A few quick things that are good to know when it comes to running DivBase queries:
-
The queries are run as jobs in the DivBase job queue management system since they can potentially take some time to run, depending on the VCF file size and the query itself.
-
The system will use the latest version of the files for all queries.
-
The VCF Dimensions for the project needs to be up-to-date before running any queries, as described in Before running any queries: run the VCF dimensions command below.
This page is meant as medium detailed description of these query commands, and therefore sits in-between the Quick Start Guide and the full guides found here in the Running Queries chapter in terms of level-of-detail. The sections below contain links to the full guides.
Before running any queries: run the VCF dimensions command¶
To ensure that users get good performance out of DivBase, technical metadata from all VCF files that are uploaded to a DivBase project will be indexed on the DivBase server. For each VCF file name, the server will extract the number and name of all samples, the number and name of all scaffolds, and the number of variants. This technical VCF metadata is referred to as VCF Dimensions in DivBase. The full details of how to use this are described on the page: VCF Dimensions.
DivBase will use the VCF Dimensions whenever a user submits a query to the project. Instead of transferring VCF files internally and reading them each time a user sends a query to DivBase, the server will instead use the VCF Dimensions cache, which is a much quicker process.
The VCF Dimensions must be updated each time a new VCF file or a new version of a VCF file is uploaded to the project. This needs to be done manually by running the command:
divbase-cli dimensions update
This command is sent to the DivBase job queue system, since this process can potentially take some time for larger VCF files. DivBase uses bcftools to extract the VCF dimensions metadata, which is a fast software. Nevertheless, the time it will take to extract the VCF dimensions will scale proportionally to the VCF file size. You can see this as a once-per-VCF-file-version investment: it will take a little time here up-front, but all subsequent queries to this file will be much faster than they otherwise would be.

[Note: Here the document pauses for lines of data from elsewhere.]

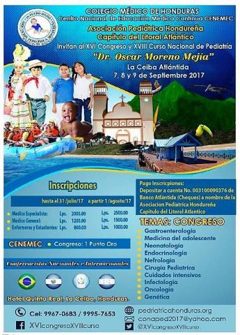 XVI Congreso y XVIII Curso Nacional de Pediatría. 7 – 9 de septiembre de 2017 Hotel Quinta Real, La Ceiba, Honduras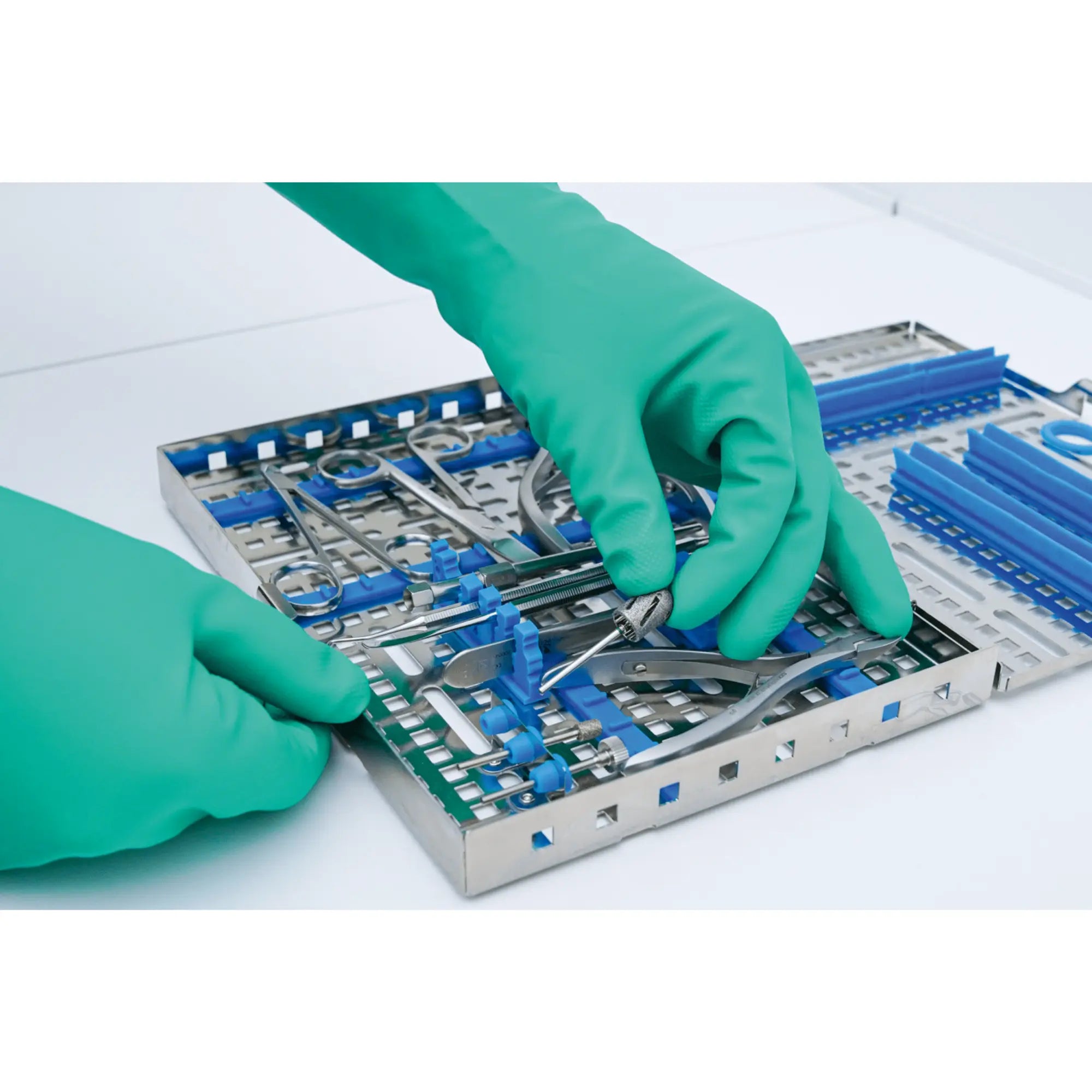Instruments are held securely in place thanks to the adjustable silicone inserts.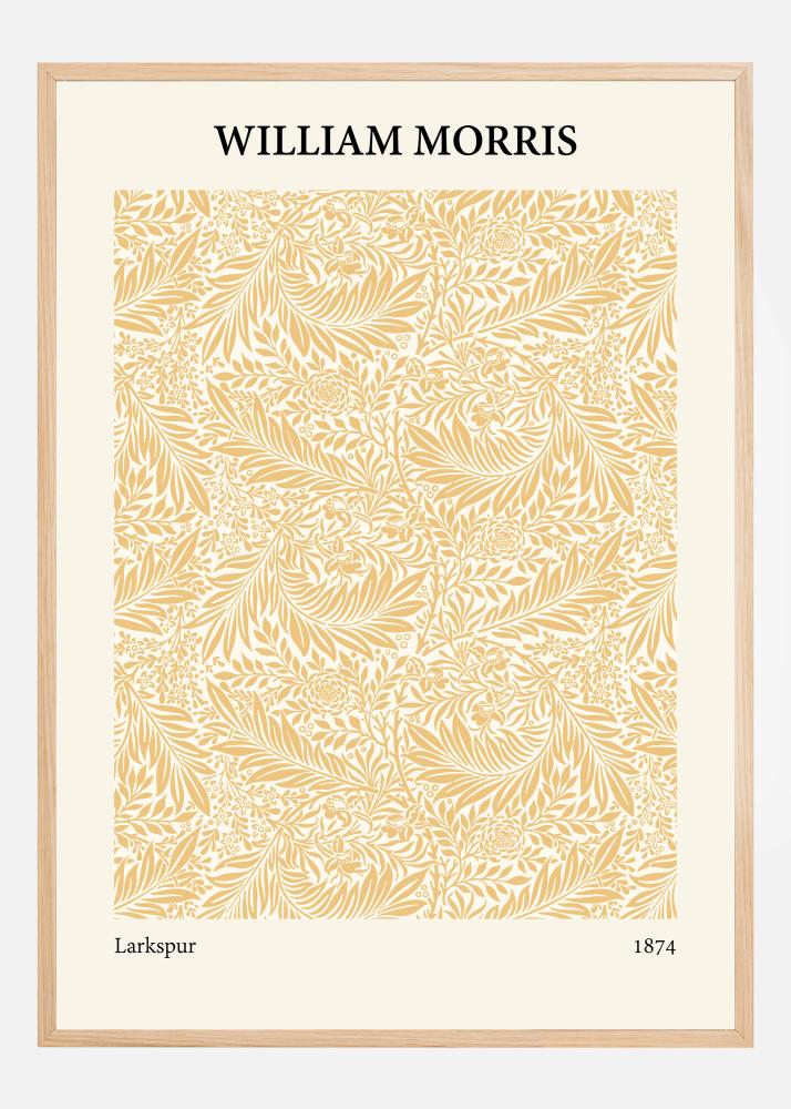 Con su cálido tono dorado monocromático, este cartel recrea el diseño espléndido de "Larkspur" de William Morris de 1874. La rica composición de hojas y flores baila sobre el papel, ilustrando la habilidad y precisión por la cual Morris es conocido en el movimiento Arts and Crafts. Este póster aporta una sensación de calidez y luz solar a cualquier habitación y es un maravilloso homenaje a la artesanía de la era victoriana.

Please wait until the VCF dimensions job has finished for your project before you make any queries to DivBase. You can check the status of the job with:
divbase-cli task-history user
To see the current VCF dimensions for a project, use:
divbase-cli dimensions show
This will print the currently cached VCF Dimensions in DivBase per VCF file name (see example here)
The VCF Dimensions of the project should now be up-to-date with the VCF files in the projects data store. You are now ready to run queries.
Note
Remember that if you or another project member uploads a VCF file to the project, you will need to run divbase-cli dimensions update again before running queries.
When you submit a query, DivBase will use the state of the VCF Dimensions and the VCF files at that very point in time to produce the query results. It is therefore fine if you or another project member uploads new VCF files to the project while a query is queued or running.
Sidecar sample metadata queries¶
DivBase supports that users store extensive sample metadata in a separate TSV file. This metadata can be queried on its own or in combination with VCF data. Users are free to define their own metadata as they see if: column names represent metadata categories and rows represent the samples found in the VCF files in the DivBase project. The TSVs need to follow a few mandatory requirements, but no strict metadata schema is enforced, This allows DivBase to accomodate a variety of research projects with different metadata needs.
The metadata can be queried on its own to learn which samples that fulfil a certain metadata query and the VCF files the samples are present in. The same query syntax is used in the combined sample metadata and VCF data queries, and user can use the dedicated sample metadata query command as a dry-run before running full combined query to ensure that the metadata query produces the results the user intended.
For instructions on how to create the sidecar sample metadata TSV files and how to run sample metadata queries, see the guide on Sidecar Metadata TSV files: creating and querying sample metadata files. The guide also describes the CLI commands that specifically relate to the sample metadata TSV files. These are:
divbase-cli dimensions create-metadata-template
divbase-cli dimensions validate-metadata-file path/to/your/sample_metadata.tsv
divbase-cli files upload path/to/your/sample_metadata.tsv
divbase-cli query tsv "Area:Northern Portugal"
VCF queries¶
TODO - finish writing this section
Run the query on all VCF files in the DivBase project unless specified. There are two ways to specify the files: either as direct input to the bcftools command, or by combining the VCF query with a sample metadata query to determine which VCF files to use.
See also DivBase Query Syntax for VCF data, How to create efficient DivBase queries, and Tutorial: Running a query on a public dataset.
can be run with or without sample metadata filtering.
for sample metadata linked VCF queries, it can be good to do a dry run first [TO BE IMPLEMENTED, at the moment it needs to be run seperatelly]
how to write a query
how to optimize a query (see separate markdown)
TODO COPIED OVER FROM QUICKSTART REIMPLEMENT
DivBase only allows bcftools view in its query syntax and no other bcftools commands. The merge, concat, and annotate commands are used when processing a query, but should not be defined by the user.
Combined sample metadata and VCF data query¶
TODO - finish writing this section
Uses a sample metadata query to identify the VCF files in the DivBase project to run the VCF queries on.